Welcome, Guest. Please login or register.

Author Topic: p96 is unbelievably Slow!  (Read 6326 times)

Description:

0 Members and 1 Guest are viewing this topic.

Offline wawrzonTopic starter

p96 is unbelievably Slow!
« on: December 18, 2010, 08:09:47 PM »
since quite a while im porting different sdl stuff to 68k. i have been on hold releasing though because of a lot of flaws that occured to be present in amiga system solutions like warp3d for instance. now i took a closer look at p96 performance, which is the default and only gfx solution for my main a4k/060-50/mediator/voodoo3 setup.
 
today i have made sdl benchmarks on my both secondary systems (a4k/060-50/cv64/cgx) and (a4k/060-50/p4/p96) to find out how to avoid bad performance of sdl apps in little endian modi. the reason was that sdl opens these modis when toggling on fullscreen.

the conclusion ive posted also on german a1k forum is groundbreaking!! http://www.a1k.org/forum/showthread.php?p=391077#post391077
 
1.the little endian modis are speciality of p96 (i have them available on picassoIV under p96, and they are the primary choice with elbox/mediator/radeon solution). on my only cgx system with cv64 all modis seem to be big endian by default.  i dont understand what little endian modes are for when they are so slow on amiga. perhaps newer gfx cards are not capable of big endian anymore (i have an radeon 9250, not tested yet), voodoo can do them though.
 
2. ive tested sdl bench and a sdl port of mine, kuklomenos on both secondary systems. ive compiled kuklomenos to work both with sw- and hwsurface.
 
on p4/p96 both version perform effectively under  0fps!!!!!!
on cv64/cgx i get with swsurface around 5fps and with hwsurface moderate 12 fps.
 
also on my voodoo setup the little endian modes are very although not as slow, big endian being a little faster, still no match for cgx as it seems.

in this respect i also remember similar experience with amiblitz compiled stuff way back.
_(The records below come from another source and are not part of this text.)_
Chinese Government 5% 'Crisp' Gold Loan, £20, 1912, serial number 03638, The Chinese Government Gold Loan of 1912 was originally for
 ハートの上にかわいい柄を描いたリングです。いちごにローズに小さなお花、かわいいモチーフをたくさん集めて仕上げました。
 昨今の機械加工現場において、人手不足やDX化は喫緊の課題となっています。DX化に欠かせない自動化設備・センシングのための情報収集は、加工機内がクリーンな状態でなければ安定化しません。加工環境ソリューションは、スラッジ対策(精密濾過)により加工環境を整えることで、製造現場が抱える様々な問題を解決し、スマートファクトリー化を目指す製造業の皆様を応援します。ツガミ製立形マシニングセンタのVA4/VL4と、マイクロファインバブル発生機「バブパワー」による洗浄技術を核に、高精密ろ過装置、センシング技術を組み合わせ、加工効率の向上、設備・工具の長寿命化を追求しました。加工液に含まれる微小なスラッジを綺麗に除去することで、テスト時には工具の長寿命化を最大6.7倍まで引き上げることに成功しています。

ive been aware p96 is slower that cgx but this is really an ultimate showstopper here.
we are talking about a real world factor 10 or so.

now: what to do??
 

Offline Karlos

  • Sockologist
  • Global Moderator
  • Hero Member
  • *****
  • Join Date: Nov 2002
  • Posts: 16867
  • Country: gb
  • Thanked: 4 times
    • Show only replies by Karlos
Re: p96 is unbelievably Slow!
« Reply #1 on: December 18, 2010, 08:24:22 PM »
In my experience, the only performance conscious way to work with RTG is to pre-convert all your graphic assets to whatever hardware format the display is using. Never, ever assume colourspace conversion will happen in hardware.
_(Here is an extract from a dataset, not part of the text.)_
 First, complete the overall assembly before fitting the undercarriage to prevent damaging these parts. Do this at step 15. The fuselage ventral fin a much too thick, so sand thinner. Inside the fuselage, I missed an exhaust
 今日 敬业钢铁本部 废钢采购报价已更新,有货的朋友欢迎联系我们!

The only other way I've found (which in my case was ideal for supported hardware on OS3.x) is to make your own 2D drawing layer on top of say Warp3D. The advantages there are the ability to use alpha channel transparency and so on.
int p; // A
 

Offline Thematic

  • Jr. Member
  • **
  • Join Date: Aug 2003
  • Posts: 69
    • Show only replies by Thematic
Re: p96 is unbelievably Slow!
« Reply #2 on: December 18, 2010, 08:29:11 PM »
Quote from: wawrzon;599784

on p4/p96 both version perform effectively under  0fps!!!!!!

You mean "under 1 fps".

Quote from: wawrzon;599784

ive been aware p96 is slower that cgx but this is really an ultimate showstopper here.
we are talking about a real world factor 10 or so.
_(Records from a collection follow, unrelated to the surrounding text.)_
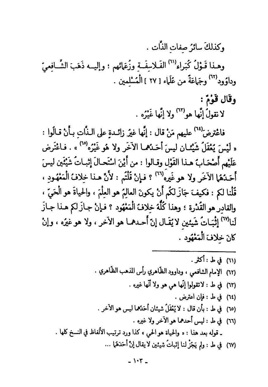 فَاعْترضَ عَلَيْهِم من قَالَ إِنَّهَا غير زَائِدَة على الذَّات بِأَن قَالُوا لَيْسَ يعقل شَيْئَانِ لَيْسَ أَحدهمَا الآخر وَلَا هُوَ غَيره فَاعْترضَ عَلَيْهِم أَصْحَاب هَذَا القَوْل وَقَالُوا من أَيْن اسْتَحَالَ إِثْبَات شَيْئَيْنِ لَيْسَ أَحدهمَا الآخر وَلَا هُوَ غَيره فَإِن قُلْتُمْ لِأَن هَذَا خلاف الْمَعْهُود قُلْنَا لكم فَكيف جَازَ لكم أَن يكون الْعَالم هُوَ الْعلم والحياة هُوَ الْحَيّ والقادر هُوَ الْقُدْرَة وَهَذَا كُله خلاف الْمَعْهُود فَإِن جَازَ لكم هَذَا جَازَ لنا إِثْبَات شَيْئَيْنِ لَا يُقَال إِن أَحدهمَا هُوَ الآخر وَلَا هُوَ غَيره وَإِن كَانَ خلاف الْمَعْهُود
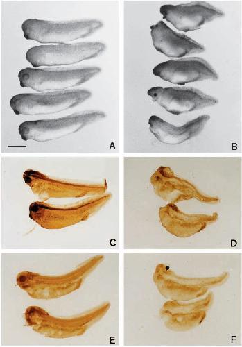 embryos (B,D,F) or control uninjected embryos (A,C,E)
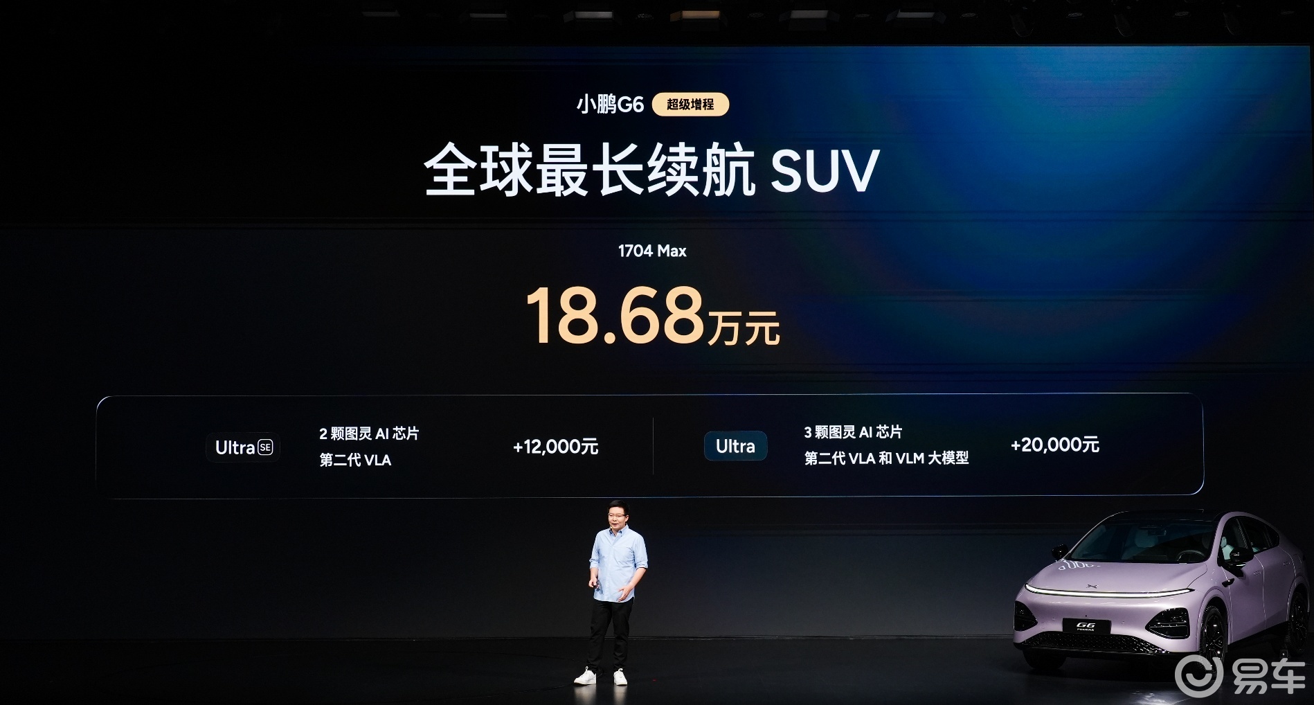 最后说价格。G6超级增程1704 Max版官方指导价18.68万元,可选装两个智能升级包:加1.2万元升级Ultra SE版(2颗图灵芯片+第二代VLA),加2万元升级Ultra版(3颗图灵芯片+第二代VLA+VLM大模型)。

Funny, it's been five years since I used a A1200-with-Voodoo system on a daily basis, but I do not remember it being terribly slow. I knew the bus speed wasn't the absolute best possible. Perhaps I used "heavy" software that would have slow refresh in any case. SDL on that system wasn't fast and I've been meaning to test how the new ScummVM AGA compares to RTG version when using a 320x resolution screen or window.

I have 68060 also, but Blizzard is slightly slower.
So you have the strings in your palm. Do you know what they are for?
 

Offline wawrzonTopic starter

Re: p96 is unbelievably Slow!
« Reply #3 on: December 18, 2010, 08:42:30 PM »
@karlos: you mean to use 3d hardware to output 2d gfx? yes, it works faster even on p96, here are in some cases other w3d driver specific problems involved. though for simple things it works.

but this is a hack and takes a lot of effort to adapt every single program if possible at all.
my point is to make quick sdl application ports usable on 68k in general.

in p96 it burns down to:

1. do not use or even disable little endian modis on your system. this isnt possible at this time while the opposite (disabling faster big endian modis) is possible and enabled by default. i dont understend this logic.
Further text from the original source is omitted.